Friday, February 22, 2013

Wee Beau and Gael Arás Mhic Ardghail



 

Brother Beau agus mise

 
Last night I came face to face – sort of – with a very old friend. Brother Thomas Finbar Beausang – or wee Beau, as he was endearingly called by those of us he taught in St. Mary’s grammar school in Barrack Street and then on the Glen Road, was a renowned Irish language activist.

His bust now proudly adorns the entrance to Gael Arás Mhic Ardghail, an Irish language cultural centre in Newry.

Gael Áras Mhic Ardghail is the culmination of a huge amount of work by the Newry branch of Conradh na Gaeilge, in co-operation with Newry and Mourne Council; An Ciste Infheistíocha Gaeilge and many others.

I was there to say a few words at the formal opening, in part because of the role Sinn Féin played in securing a £20 million package of funding for the Irish language from the British government at Hillsborough Castle in 2010. £8 million of this has gone to An Ciste Infheistíocha Gaeilge.

The Ciste provides capital funding for Irish language projects like Gael Arás Mhic Ardghail and many others across the north. Its role is to sustain and assist the development of Irish language communities; provide financial support and fund capital projects which will create jobs, and to develop cultural hubs. 

But before our time stalwart language activists, including those in the Newry Gaelic League, campaigned and pioneered for decades for language rights, including the right to education through Irish.

The Newry Branch was especially active. In its early days it helped establish the famous Omeath Feis in 1902; it helped found Coláiste Bhríde Ó Méith in 1912 where Pearse, it is reported, composed a draft of the Irish Proclamation; it appointed the first full-time, salaried Gaelic League travelling teacher in Ireland, an múinteor taistil from South Armagh Francis Nugent; and it encouraged the gaelicisation of the local press, especially the newly founded ‘Frontier Sentinel’ (1904).

The Newry Gaelic League also collaborated with Killeavy and Omeath Gaelic Leaguers in erecting what are believed to be the first Irish language road signs on the island at the Corr na Muclach junction half-way between Newry and Omeath.

After partition the unionist regime at Stormont discriminated against and actively oppressed the Irish language and culture. However, in the 1930s and 1940s, the Newry Urban Council, again in direct defiance of unionism, erected new bilingual street signage at James Connolly Park and Michael Mallin Park.

And, it was Newry and Mourne District Council who appointed Ireland’s first local government Irish Language Development Officer in Maolcholaim Scott.

So, Newry and its hinterland, which straddles the border, has a proud history of promoting the Irish language. This is the context for Gael Áras Mhic Ardghail and its role as a provider of Irish medium education, art, music, debate, and the promotion of Irish culture and heritage.

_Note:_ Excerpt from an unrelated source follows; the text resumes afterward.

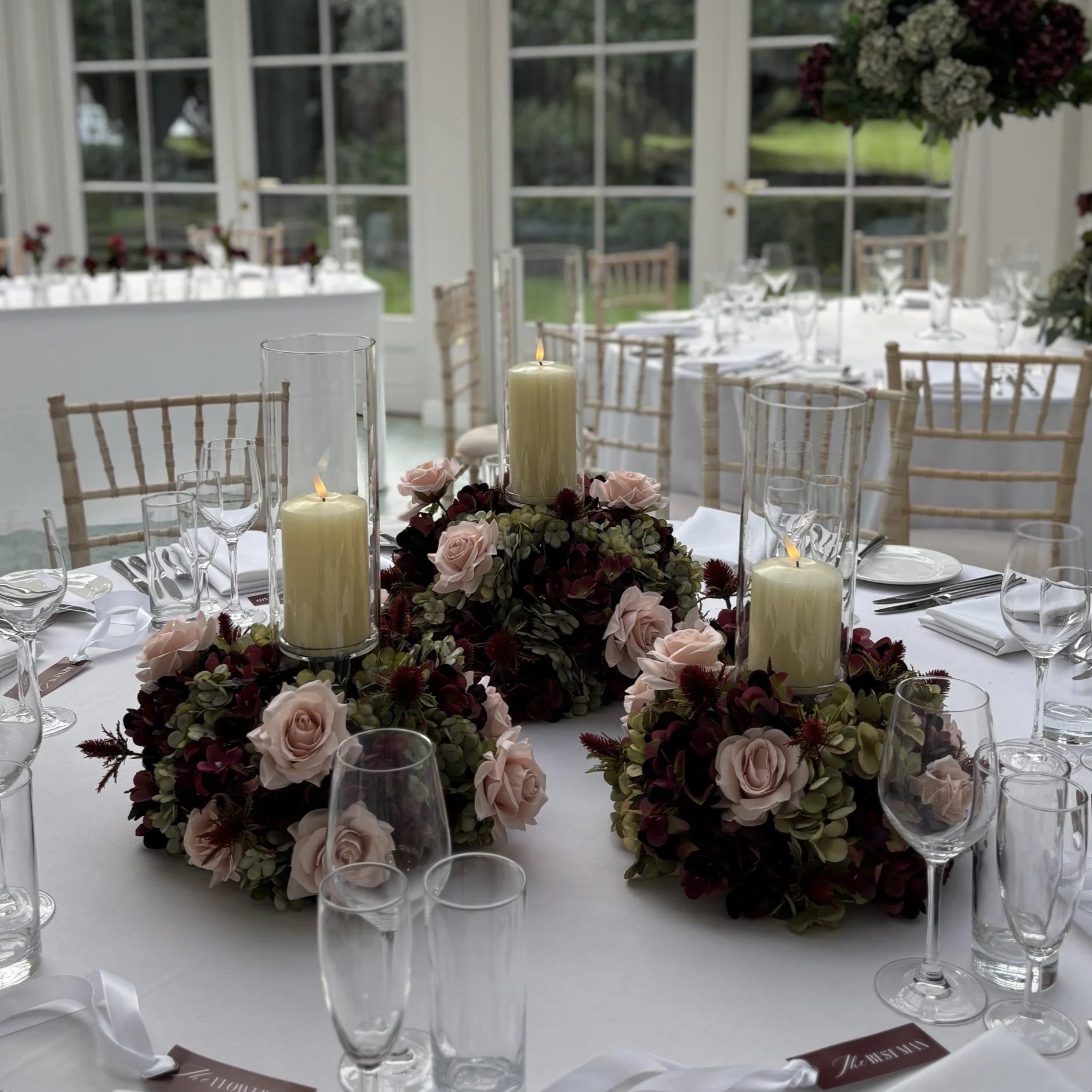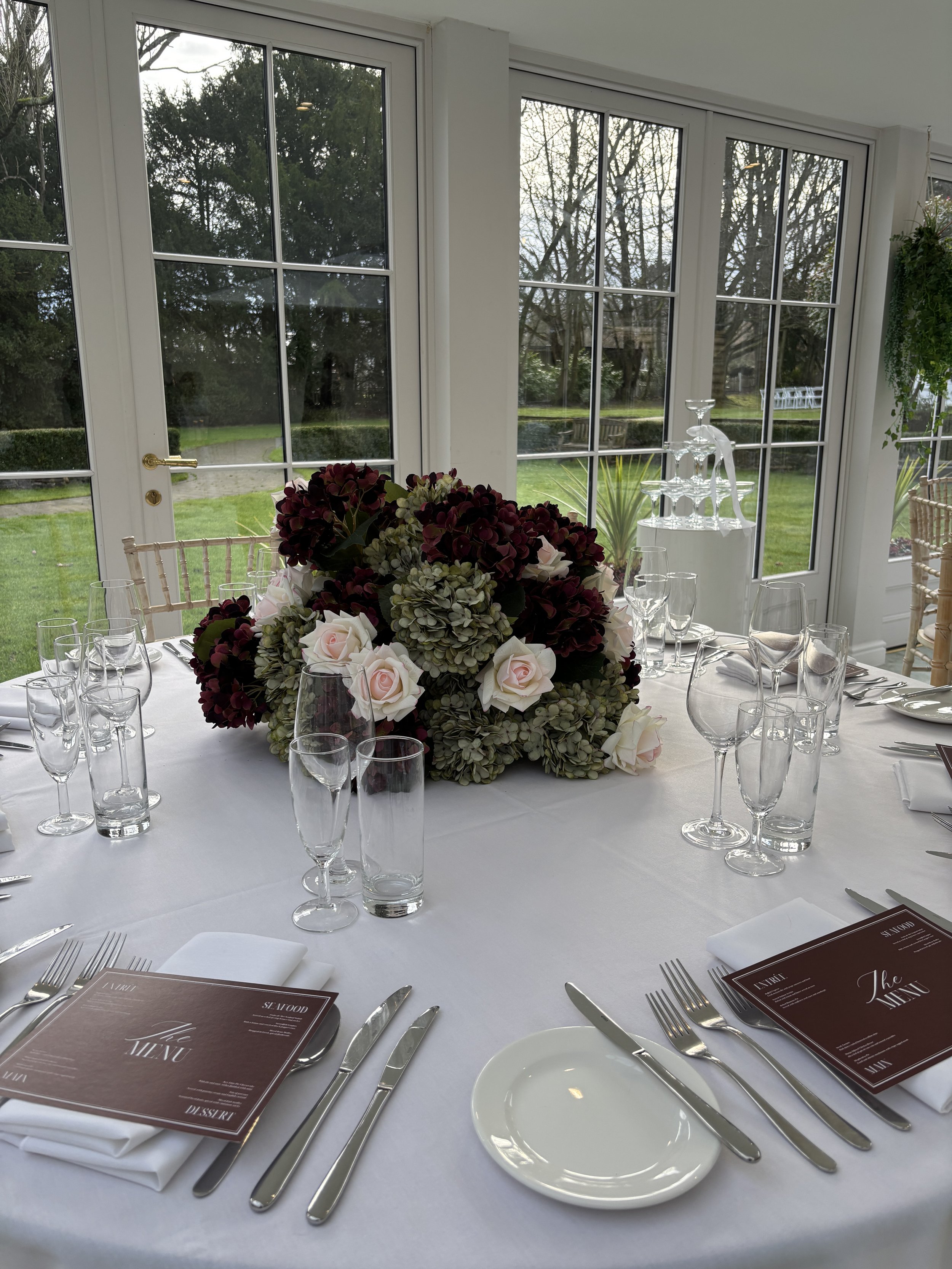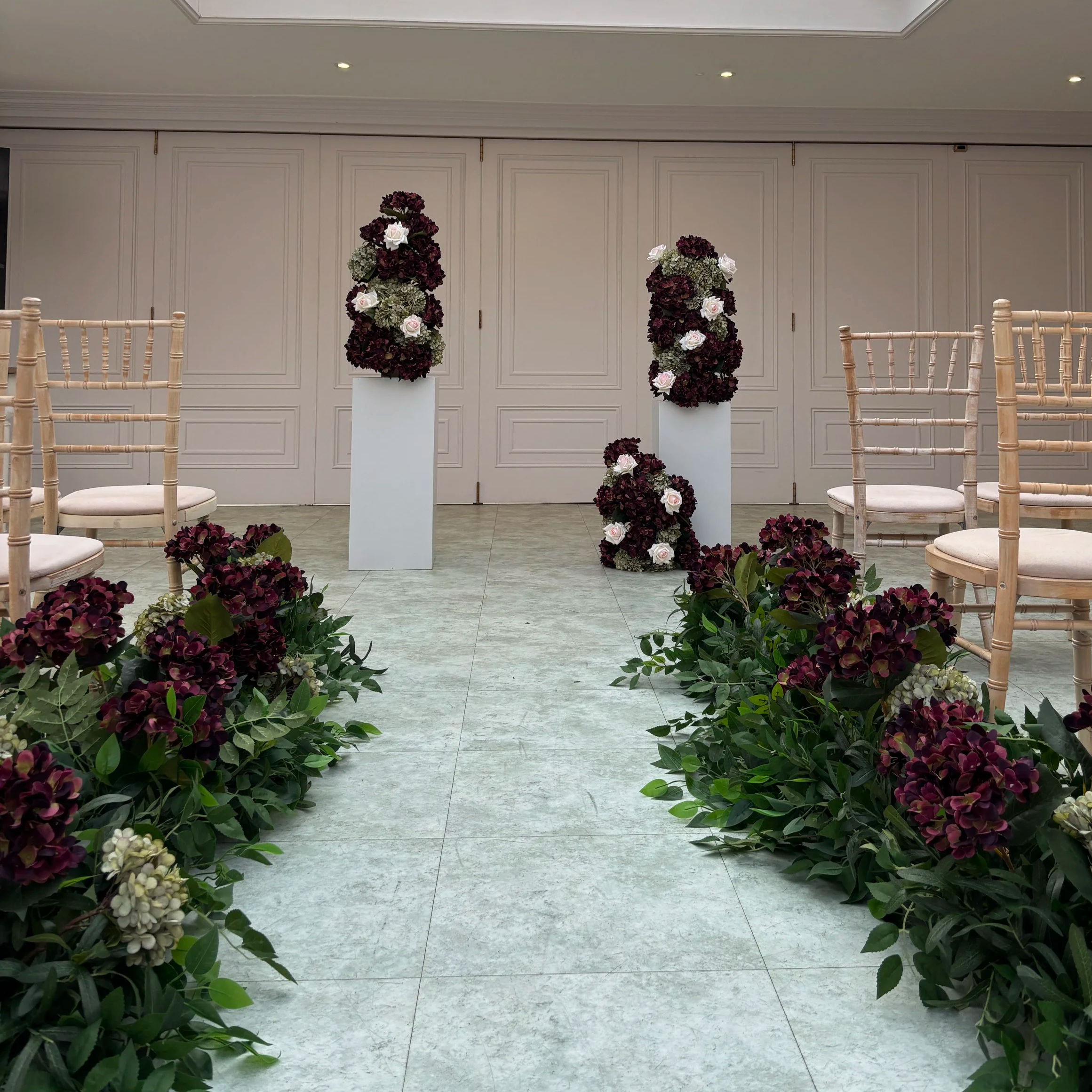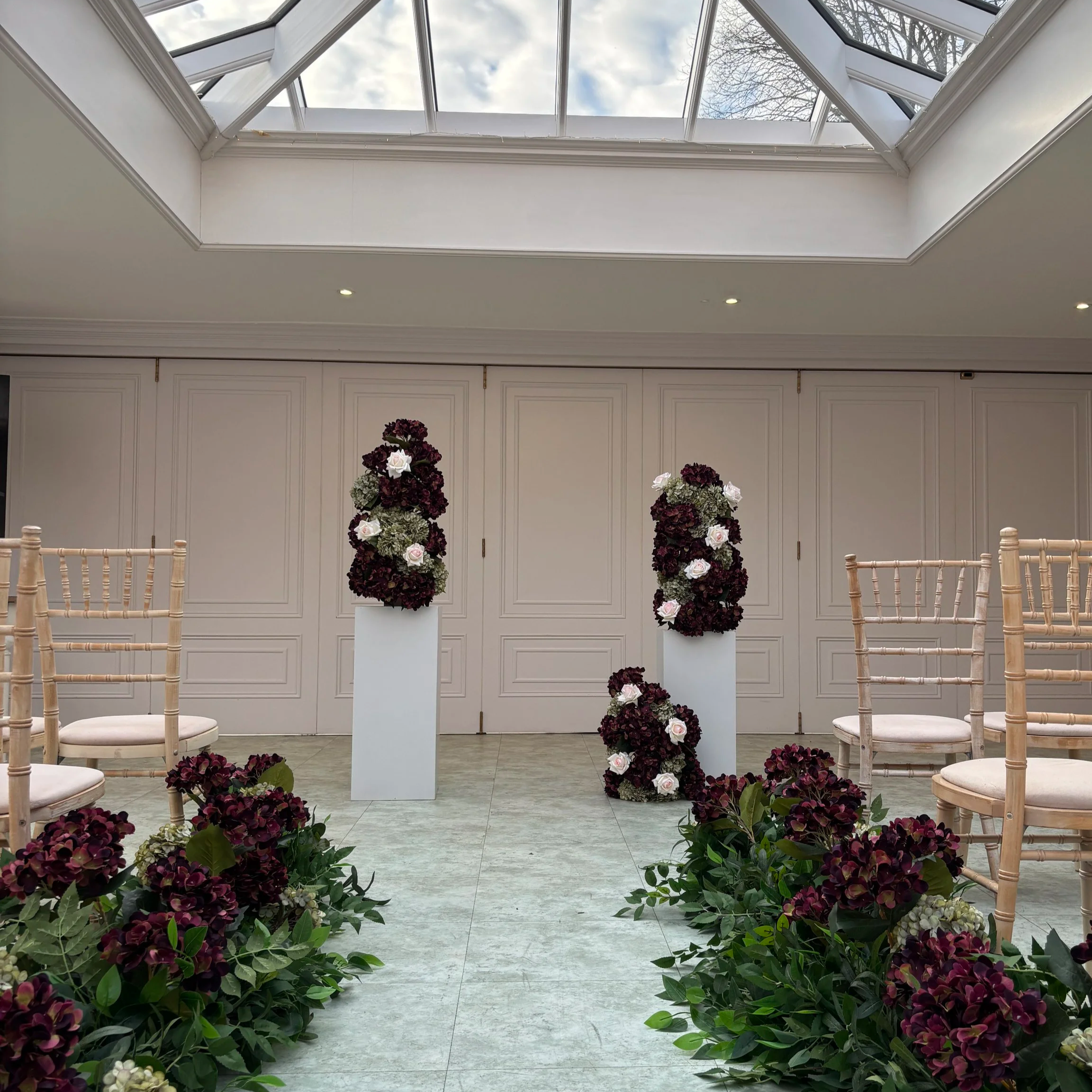 Ceremony florals can easily be repurposed to the reception area i.e ceremony floral arch to then frame the reception top table/ aisle blooms to be repurposed with or without stands as center pieces.

It is an exceptional building, well designed and constructed. At its heart is the family home of the McArdle family who in an exceptional and generous gesture donated it to this project. But it has been expanded to include exhibition space and class rooms.

 
Audience at formal opening of Gael Áras Mhic Ardghail
 
As you enter the foyer there is an old desk, similar to those we had in Barrack Street and on a pedestal behind – as if looking over the pupils shoulder – is Brother Beau. The bust is a very good likeness of the man. And it is entirely appropriate that it should greet visitors as they enter Gael Arás Mhic Ardghail, not just because this is originally the site of St. Patrick’s – the first Christian Brothers school in Newry, but also because Brother Beau was such an influential figure in Irish language circles over many years.

He was a part of my experience of learning Irish. My own interest in the language began when I started primary school at St. Finian’s De La Salle School on the Falls Road.

However it was St. Mary’s Grammar School run by the Christian Brothers which really bonded me to the language. And Brother Beausang was a big part of that with his summer breaks to the Donegal Gaeltacht.

My next real opportunity to extend my limited knowledge of the language was in prison.  
Political prisoners, particularly in the cages of Long Kesh, created Irish language communities in prison – Gaeltacht huts – where they lived and breathed the language each day.

And because we had political status we were permitted Irish language text books. It was there that Bobby Sands learned Irish.

Subsequently, many of these prisoners and others who had been interned continued with their work on the language when they were released. Later when the cages were replaced by the H Blocks and when the Irish language became the daily language of most of the protesting prisoners at that time, this had a huge impact on the consciousness, particularly of young working-class nationalists.

When prisoners were released from the Blocks, many of them brought the language skills and teaching methods they had learned back into their communities conducting classes in pubs, clubs, community centres and homes.

But it was Irish language stalwarts like Brother Beau who helped keep the language alive in the north during the bad days. For that he will be fondly remembered by all of us who knew him.

Brother Beau is also remembered in far off places. Another person who was taught by him was catholic priest Kevin McGarry. Just over a decade ago when Father McGarry opened a school in the town of Embulbul, just outside greater Nairobi, in Kenya, he decided to name it after Brother Beausang. A fine gesture for a great teacher.